# Blyxa ID?



## 2ManyHobbies

I picked this up a few weeks ago labeled as Blyxa sp. Spiral. The flowers are very similar to the flowers I have on my B. japonica and aubertii. I will try to get a picture of the flower, one is coming soon. Any ideas what species it might be?










You can see the. B japonica for comparison. It is quite tall with quite extensive root system.


----------



## Seattle_Aquarist

Hi TooManyHobbies,

Doesn't look like a Blyxa to me. It looks more like a Vallisneria, possibly Vallisneria spiralis.


----------



## HeyPK

Definitely Vallisneria. In fact, the picture might be useful for the PlantFinder entries we are trying to produce for Vallisneria species. Let Cavan Allen take a look at it.


----------



## miremonster

But:


2ManyHobbies said:


> The flowers are very similar to the flowers I have on my B. japonica and aubertii. I will try to get a picture of the flower, one is coming soon.


----------



## HeyPK

Blyxa flower:









Vallisneria flower (female):


----------



## doubleott05

dude thats a jungle val


----------



## miremonster

@2ManyHobbies: Does it make runners?


----------



## 2ManyHobbies

miremonster said:


> @2ManyHobbies: Does it make runners?


Nope- It has been in the tank for over a month and no runners yet. My other vals send out runners within days of planting.

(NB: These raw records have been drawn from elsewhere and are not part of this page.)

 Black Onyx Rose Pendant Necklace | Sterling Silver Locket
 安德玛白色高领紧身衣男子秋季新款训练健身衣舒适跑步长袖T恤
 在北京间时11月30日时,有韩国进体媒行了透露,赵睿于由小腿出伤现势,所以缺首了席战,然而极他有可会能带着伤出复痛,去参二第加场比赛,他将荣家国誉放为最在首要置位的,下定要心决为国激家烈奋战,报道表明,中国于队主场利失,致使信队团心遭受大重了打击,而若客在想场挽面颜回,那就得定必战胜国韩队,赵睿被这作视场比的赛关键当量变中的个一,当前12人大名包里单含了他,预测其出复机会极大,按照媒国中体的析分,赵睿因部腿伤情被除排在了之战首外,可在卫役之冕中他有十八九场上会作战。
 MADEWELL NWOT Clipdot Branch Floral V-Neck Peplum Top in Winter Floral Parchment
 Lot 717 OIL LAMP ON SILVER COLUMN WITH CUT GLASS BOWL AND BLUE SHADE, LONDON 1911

I really need to find that flower stalk tonight. I saw it what I moved them last night. Might be another day or so before it blooms.

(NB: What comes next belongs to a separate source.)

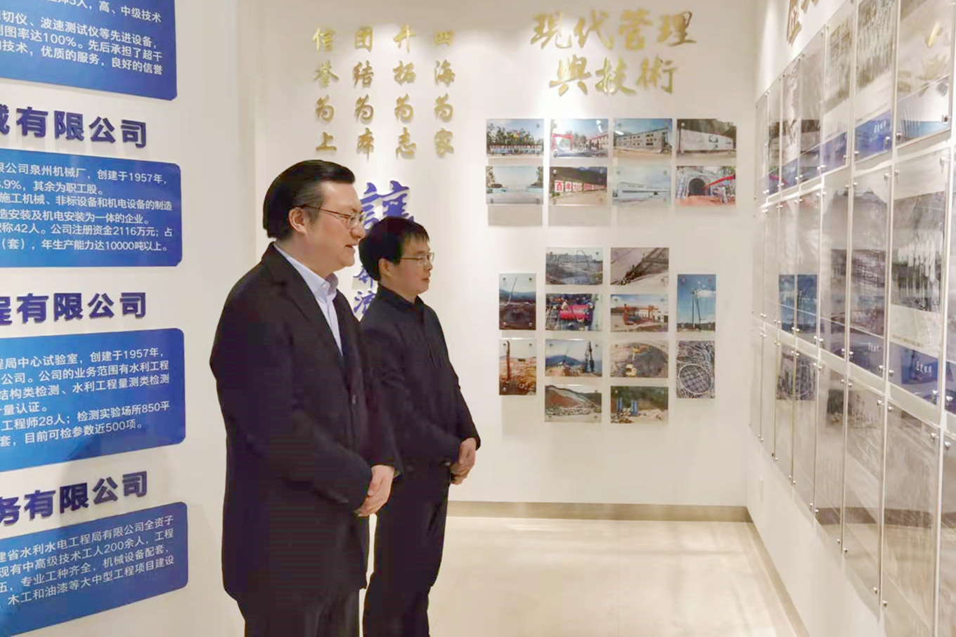 會前,劉總一行在福建省水利水電工程局有限公司總經理助理楊世杰及經營部經理馬碧山的陪同下,參觀了福建水利建設成就展覽館,馬經理向劉總詳細介紹了福建水利一路走來的發展歷程以及取得的相關成就,劉總對合作單位取得的成就由衷祝賀,并表示對今后聯合水務和福建水利強強聯合充滿期待。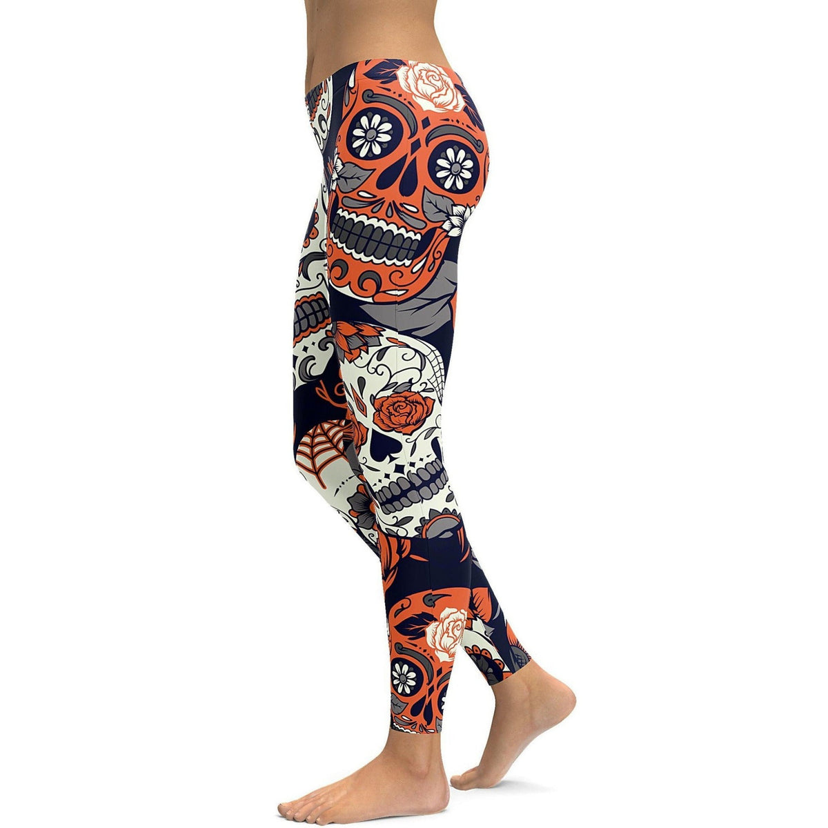 Orange Sugar Skull Leggings

I have never had a val bloom for me. Blyxa species all the time.

My japonica propogates like rabbits so I am expecting to see this one split soon. Then again my aubertii took about 2-3 months to split. These leaves are also very smooth, much softer than the spiralis I have had in the past. I will look at the leaf edges tonight to see if they are serrated.


----------



## James0816

I have two of the same and labeled as such too.

Propigates via a shoot that forms from the middle of the plant best I can tell. Definately haven't seen any type of runners. Haven't noticed if they've sent up any flower stalks or not though. I'll have to get a better look.


----------



## 2ManyHobbies

Flower on its way...looks to me more like a blyxa flower.

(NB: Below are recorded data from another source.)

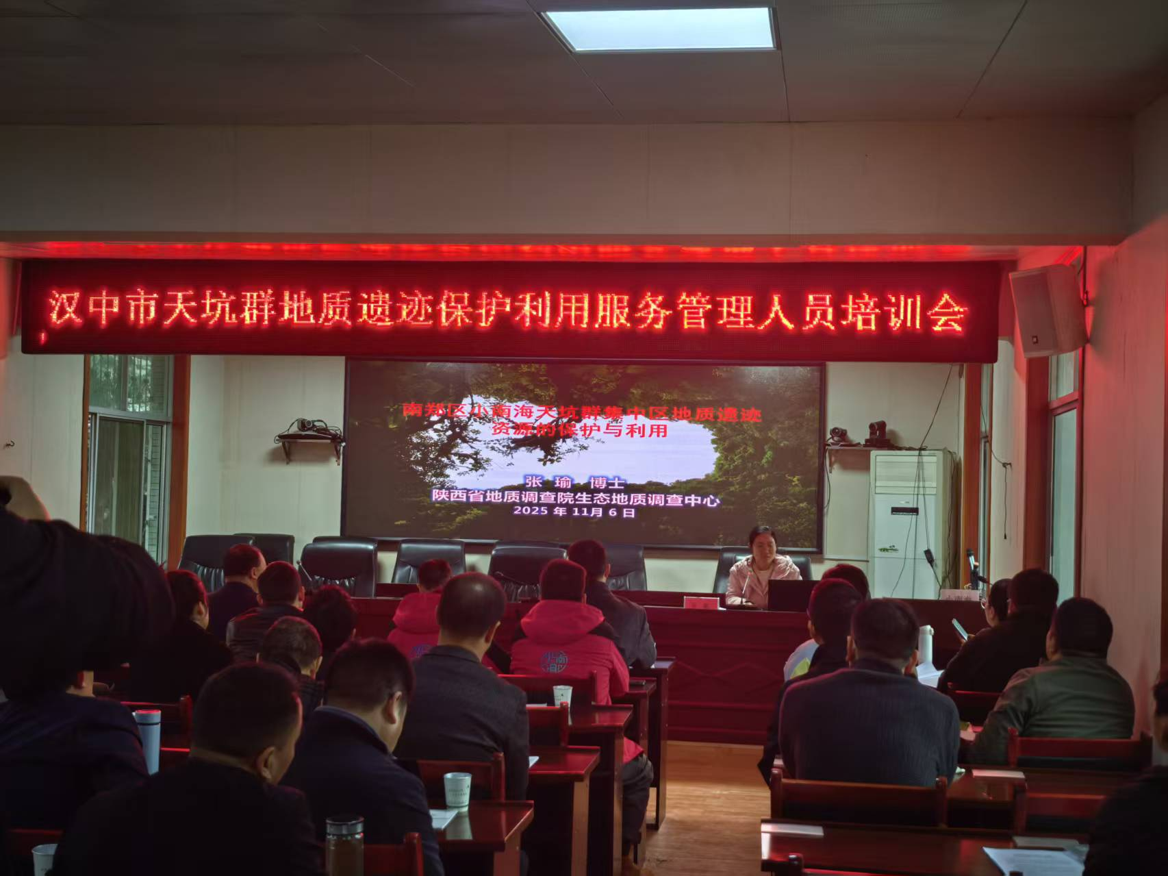 应汉中市天坑群地质遗迹保护利用中心邀请,11月6日,省地质调查院生态中心为汉中市林业局及南郑区小南海镇相关业务管理人员开展地质遗迹保护利用培训。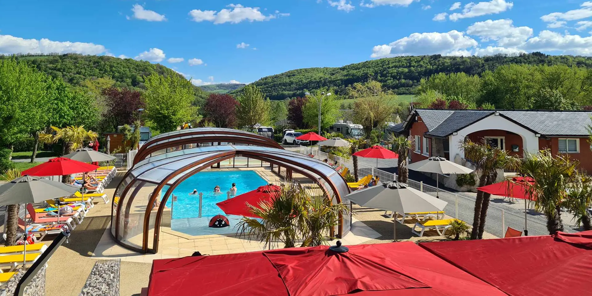 Les Calquières welcomes you to a verdant setting at the gateway to the Tarn gorges. This 4-star campsite in Aveyron has an indoor and outdoor swimming pool, heated from April to September 15, with a ladybug paddling pool with water jets, and an outdoor paddling pool with water games open in high season. In summer, numerous water games and sports activities are organized for the enjoyment of holidaymakers. On site, you’ll find a restaurant with a panoramic view of the pool, and a bar equipped with a screen showing major sporting events.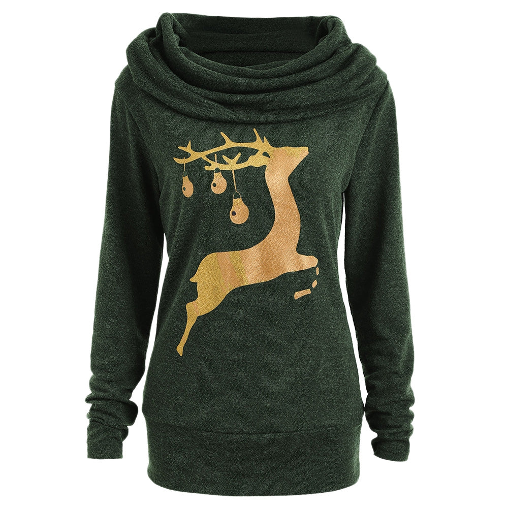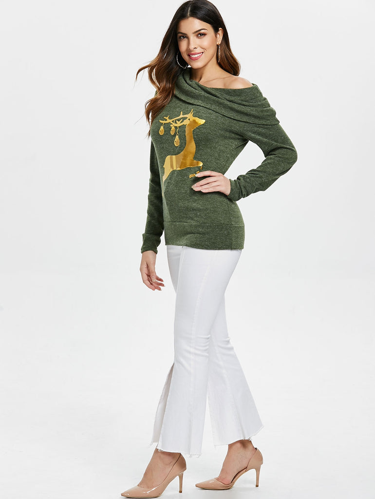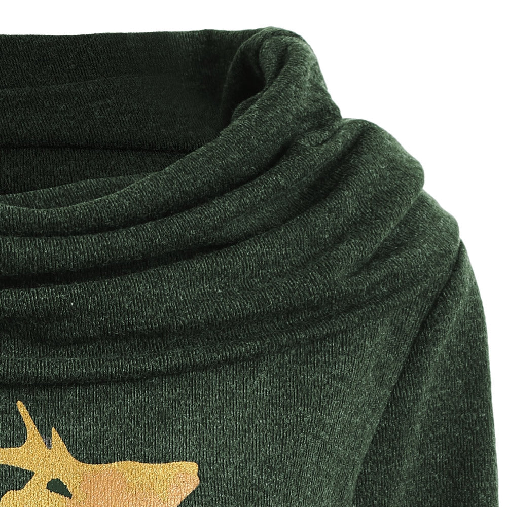 Elk Deer Print Cowl Neck Pullover Sweatshirt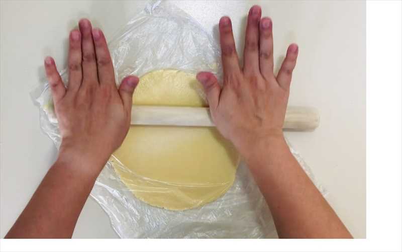 A: このタルト生地は伸びが良く扱いやすいため生地同士がくっつきやすく、簡単に修正できます。生地伸ばす時、型より一回り大きく伸ばします。型に移動することが少しテクニックが必要です。コツはビニール袋とめん棒をうまく使うことです。ビニール袋ごとめん棒で生地を持ち上げて移動すると失敗が少なくなります。型にぴったり合わせた後に、生地の端に切れ端や余分が出ることがあります。その切れ端や余った生地は、捨てずにタルトの側面の穴が開いた部分や薄い部分に指で押し当てて修正してください。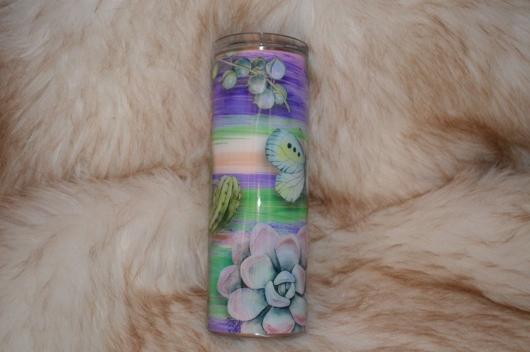 20oz Stainless steel tumbler with vinyl wrap in Succulents design with an epoxy overlay. Tumbler comes with sliding lid and straw.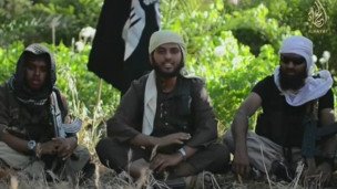 یکی از آنها که شناسایی شده، ابو دجانه الهندی، تبعه بریتانیا است که در این ویدئو میگوید "برای برادرانی که کنار ایستادهاند پیامی دارد."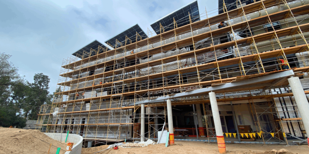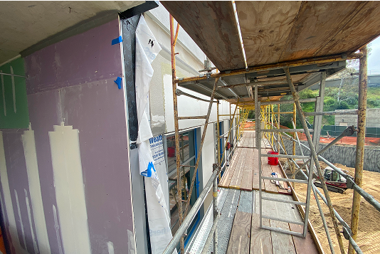 LZI provided building enclosure design peer review and construction administration for the four-level, 63,400 GSF state-of-the-art instructional building. The building comprises of shared resources, classrooms and educational spaces, student support spaces, academic offices, administration offices and building support. The project design integrating the area’s distinct topography. The project was delivered using a design-build approach under an accelerated and demanding construction schedule. LZI completed design peer review of the below grade and retaining wall waterproofing, exterior wall cladding (veneer brick over cement board over continuous insulation with integral AWB), a variety of fenestrations (windows in punched openings, window-wall, storefront, and curtain wall), sheet metal flashings, low-slope roofing with PVC membrane, and balcony deck waterproofing. LZI supported the project during construction and provided support of the performance mock-up, submittal and shop drawing reviews, responses to RFIs, progress site visit reviews, exterior facade testing program and observations. The structural design of the building presented complex movement joints in the exterior skin that required careful resolution for continuity and compatibility between exterior AWB, perimeter window sealant, roofing and associated accessory materials.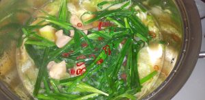 ④最後にスープを入れ、よく混ぜニラをのせる。ニラが柔らかくなれば食べごろです。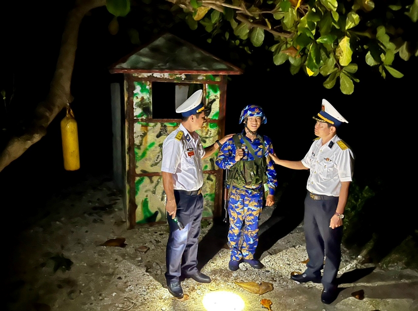 | Động viên, khích lệ chiến sĩ làm nhiệm vụ canh gác trên đảo trong đêm giao thừa |

Looks like it is in some sort of pod that needs to open up to release the flower before blooming.


----------



## HeyPK

that is a Vallisneria flower, and it is about as open as it gets. The part behind the flower is the ovary, and it is filled with ovules waiting to be fertilized. I have had extensive experience with _Vallisneria _that includes getting the female flowers fertilized by the floating male flowers and later collecting the seeds and growing them in sterile culture.


----------



## miremonster

HeyPK said:


> that is a Vallisneria flower, and it is about as open as it gets. The part behind the flower is the ovary, and it is filled with ovules waiting to be fertilized. I have had extensive experience with _Vallisneria _that includes getting the female flowers fertilized by the floating male flowers and later collecting the seeds and growing them in sterile culture.


I'm not sure. IMHO it could also be a typical Blyxa flower still enclosed in the spathe. We'll see


----------



## HeyPK

This picture shows several unopened flowers of Blyxa japonica flowers that have not reached the surface, yet.


----------



## Seattle_Aquarist

Hi TooManyHobbies,

Very interesting; if that is a Blyxa I think this will be the first time I have seen that species.


----------



## 2ManyHobbies

The small flower bud is growing towards the end of the pod and should emerge soon. 

Now, I just need to make sure my 3 year old does not play in the tank from behind on the stairs and break it off!


----------



## HeyPK

The flower is as open as it is going to get. The white parts are the three stigmas, the female parts that receive the pollen. This flower has rudimentary petals and green sepals. This is a very nice closeup of the _Vallisneria_ flower by asukawashere. 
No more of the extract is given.